Anayasa çalışmaları yapılırken hükümet “eşit temsilci” konusunda muhalefetin taleplerini kabul etti. Buna göre her partiden eşit sayıda temsilci olacak ve anayasa çalışmaları, oluşturulacak bu komisyonla yürütülecek. Uzlaşma aranacak ve ortak noktalara gelinmesine çalışılacak.

Muhalefet hükümetten böyle bir tavizi beklemediği için hem şaşkın hem de sevinçli.

Ama erken seviniyorlar bence. Cemil Çiçek faktörünü göz ardı ediyorlar çünkü.

Biliyorsunuz meclis başkanı olarak olaya müdahil olan Çiçek, aynı zamanda komisyonun da koordinatörü olacak.

İşin aslı meclisin bu aritmetiğinde yeni bir anayasa oldukça zor görünüyor. Her parti kendi kırmızı çizgilerini sıralamaya başladı.

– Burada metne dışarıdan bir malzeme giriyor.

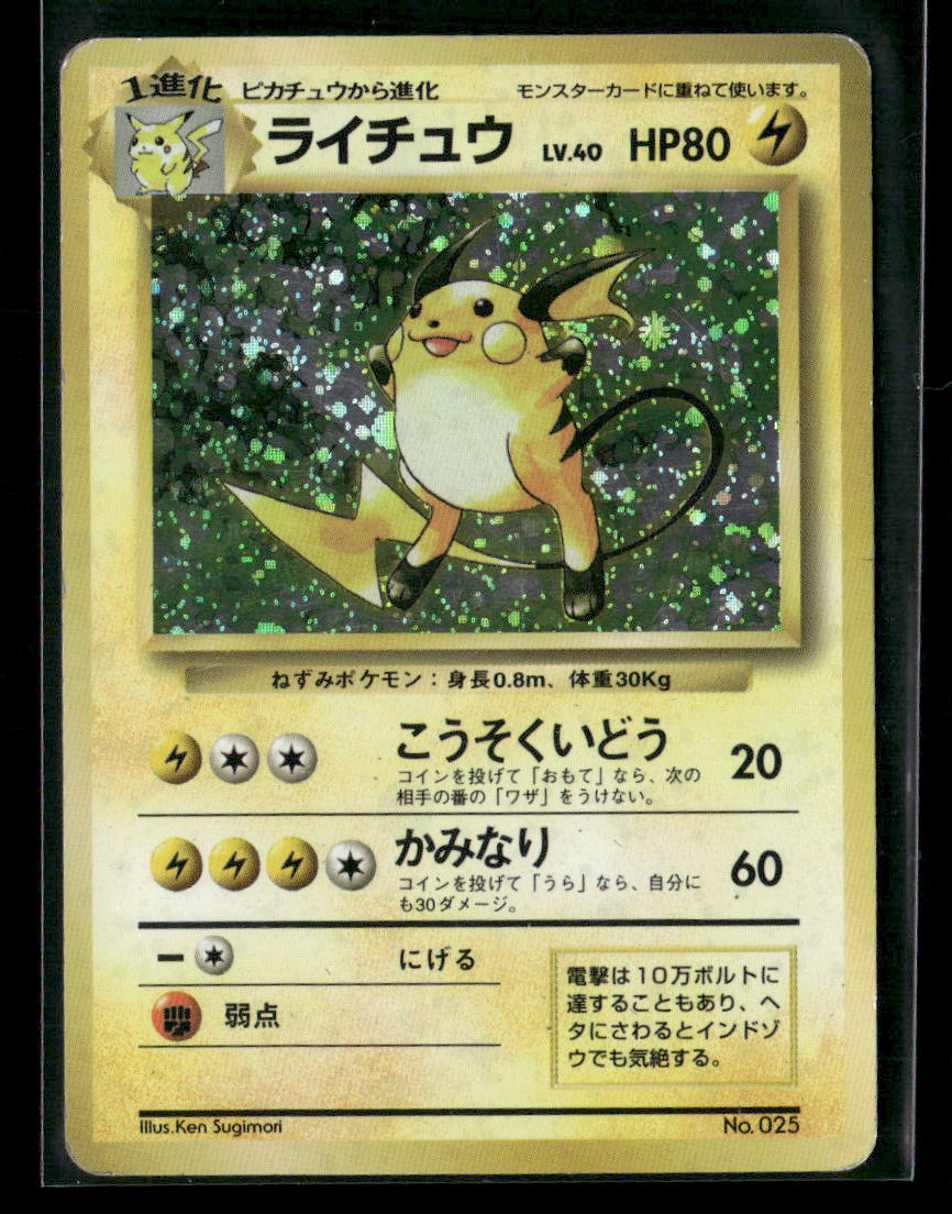 Raichu No.025 Holo No Rarity Symbol Base Set Japanese Pokemon Card Played
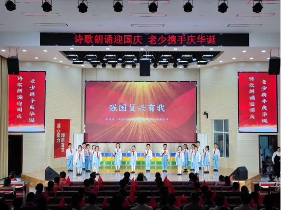 为庆祝中华人民共和国成立74周年,激发“五老”和青少年爱国之情、营造爱国爱党的浓厚氛围,9月28日上午,由泰安新泰市关工委、市委老干部局、市教育和体育局主办,市银河小学承办的“诗歌朗诵迎国庆,老少携手庆华诞”诗词朗诵会成功举行,市委常委、组织部部长、统战部部长贾朋,市关工委常务副主任王相玲,副主任王立明、安原、赵连军、田军,市教体局党组副书记、副局长赵秀珍及银河社区负责同志与市银河小学200余名师生共同观看朗诵会。

CHP, cumhuriyetin temellerini koruyacağını söylüyor. Yani baskıcı maddeler CHP için kırmızı çizgi demek. MHP, “Türklük” kavramının aşındırılmasına izin vermeyeceğini söylüyor. Yani etnik vurgu devam edecek demek ki. BDP ise “Kürtlüğe” anayasal güvence ve anadilde eğitim istiyor.

Yani anlayacağınız kırmızı çizgiler birçok noktada kesişiyor.

Şimdi gelelim Cemil Çiçek faktörünün ne anlama geldiğine.

Cemil Çiçek faktörü son müdahale ile bir metnin tanınmayacak hale gelmesi, özgürlükçü bir maddenin tam tersi yorumlanabilecek hale gelmesi demektir.

Cemil Çiçek faktörü statükonun muhafazası, özgürlüklerin devletin bekası paranoyası çerçevesinde değerlendirilmesi, yargıca kanaatten ceza vermesinin empoze edilmesi anlamına da gelir.

Cemil Çiçek faktörü bir baskı kaldırılırken yeni bir baskının yolunun açılması demektir.

O yüzden bence yeni anayasanın özgürlükçü olacağı konusunda pek bir beklentiye girmeyin.